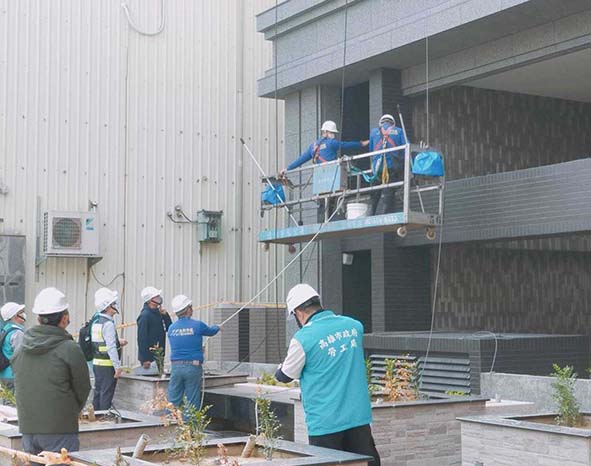 勞工局表示,大樓外牆清洗及修繕危險性高,應評估適切作業方式,如採用吊籠(洗窗機)應先上勞檢處官網通報,同時須設置救命索(垂直安全母索)、制定安全作業標準及提醒勞工確實配戴安全護具,作業前檢視機具及支撐構造物安全,落實區域管制及設立警告標示,作業過程持續督檢維護人員安全。
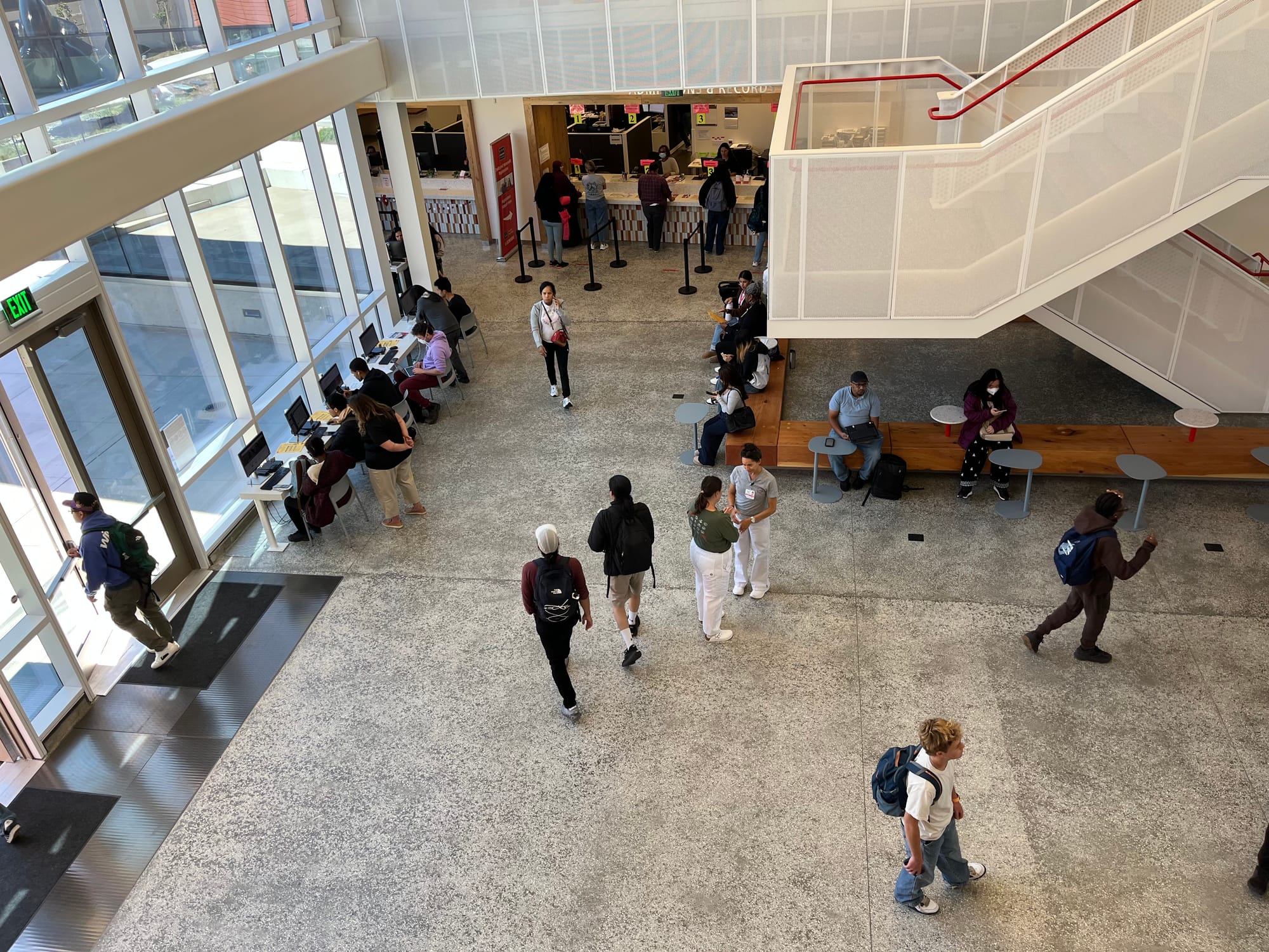 Standing at the student ambassador’s desk, Vice Student Chancellor Mallinali pointed out the service desks which line the bright central hall: Counseling, Financial Aid and Scholarships, Bursar’s Office, Admissions and Records and Assessment. Disability Services & Programs for Students is now easily accessible, just inside the SSC’s front door, rather than being tucked away in a corner of the library.
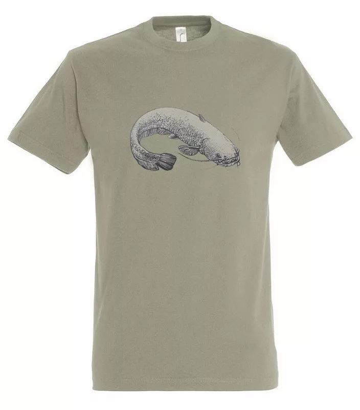 Kiváló minőségű termékünk ez az uniszex, klasszikus szabású, rövid ujjú pamut póló, a mellközép részen harcsa mintával!
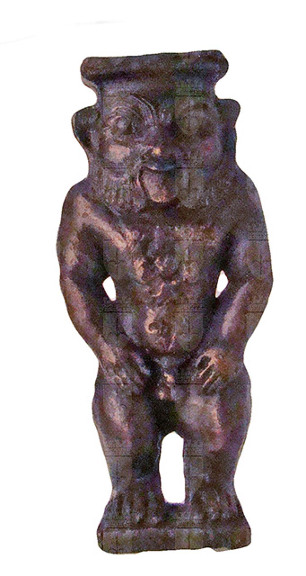 La statuetta è stata eseguita a fusione piena, utilizzando uno stampo monovalve: la parte posteriore, infatti, non è lavorata a rilievo bensì leggermente incavata. Raffigura il dio nano Bes, ritratto nudo, stante, con le braccia appoggiate sui fianchi e i piedi che poggiano su una piccola base quadrata (sotto la quale vi è un perno quadrangolare anch’esso). Al collo porta un pettorale con disco solare. Il volto è, come di norma, grottesco: sopracciglia folte e unite, naso grande e piatto, bocca aperta con la lingua a penzoloni e barba ispida. Sulla testa ha la base del suo tipico diadema, il quale doveva essere completato dalla corona di piume di struzzo, che in questo caso è assente.
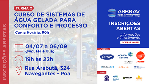 OBJETIVO: Oferecer conhecimentos básicos e intermediários em SAG (Sistemas resfriamento por água gelada) com foco nas aplicações de conforto e processo, uso, instalação, aspectos dos projetos e eficiência energética.
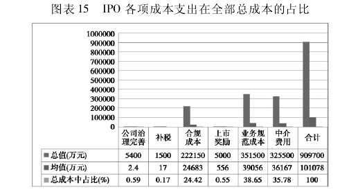 以上表中已经完成的上市案例为样本观察,我们可以发现,改制上市中各项主要支出成本在全部改制支出总额中的比值。其中,业务规范成本、中介费用和合规成本花费最多,分别占全部支出成本总额的38.64%、35.78%以及24.42%(参见图表15)。可见,上市改制主要使“改制的设计师”——券商取得巨额利益,而真正用于公司治理规范的部分并不多,占比不到1%。巨额的业务规范成本可能还包括了一些难以摆在台面上的公共开支,这似乎是业界几近公开的秘密。如果不存在改制过程,则企业上市成本可因“寻租机会”减少和“中介盘剥”减少大大削减。

----------

• EXERCISE DETAILS
Pictures in the records above are to be left out of an otherwise exact copy.

• EXERCISE SOLUTION
 勞工局表示,大樓外牆清洗及修繕危險性高,應評估適切作業方式,如採用吊籠(洗窗機)應先上勞檢處官網通報,同時須設置救命索(垂直安全母索)、制定安全作業標準及提醒勞工確實配戴安全護具,作業前檢視機具及支撐構造物安全,落實區域管制及設立警告標示,作業過程持續督檢維護人員安全。
 Standing at the student ambassador’s desk, Vice Student Chancellor Mallinali pointed out the service desks which line the bright central hall: Counseling, Financial Aid and Scholarships, Bursar’s Office, Admissions and Records and Assessment. Disability Services & Programs for Students is now easily accessible, just inside the SSC’s front door, rather than being tucked away in a corner of the library.
 Kiváló minőségű termékünk ez az uniszex, klasszikus szabású, rövid ujjú pamut póló, a mellközép részen harcsa mintával!
 La statuetta è stata eseguita a fusione piena, utilizzando uno stampo monovalve: la parte posteriore, infatti, non è lavorata a rilievo bensì leggermente incavata. Raffigura il dio nano Bes, ritratto nudo, stante, con le braccia appoggiate sui fianchi e i piedi che poggiano su una piccola base quadrata (sotto la quale vi è un perno quadrangolare anch’esso). Al collo porta un pettorale con disco solare. Il volto è, come di norma, grottesco: sopracciglia folte e unite, naso grande e piatto, bocca aperta con la lingua a penzoloni e barba ispida. Sulla testa ha la base del suo tipico diadema, il quale doveva essere completato dalla corona di piume di struzzo, che in questo caso è assente.
 OBJETIVO: Oferecer conhecimentos básicos e intermediários em SAG (Sistemas resfriamento por água gelada) com foco nas aplicações de conforto e processo, uso, instalação, aspectos dos projetos e eficiência energética.
 以上表中已经完成的上市案例为样本观察,我们可以发现,改制上市中各项主要支出成本在全部改制支出总额中的比值。其中,业务规范成本、中介费用和合规成本花费最多,分别占全部支出成本总额的38.64%、35.78%以及24.42%(参见图表15)。可见,上市改制主要使“改制的设计师”——券商取得巨额利益,而真正用于公司治理规范的部分并不多,占比不到1%。巨额的业务规范成本可能还包括了一些难以摆在台面上的公共开支,这似乎是业界几近公开的秘密。如果不存在改制过程,则企业上市成本可因“寻租机会”减少和“中介盘剥”减少大大削减。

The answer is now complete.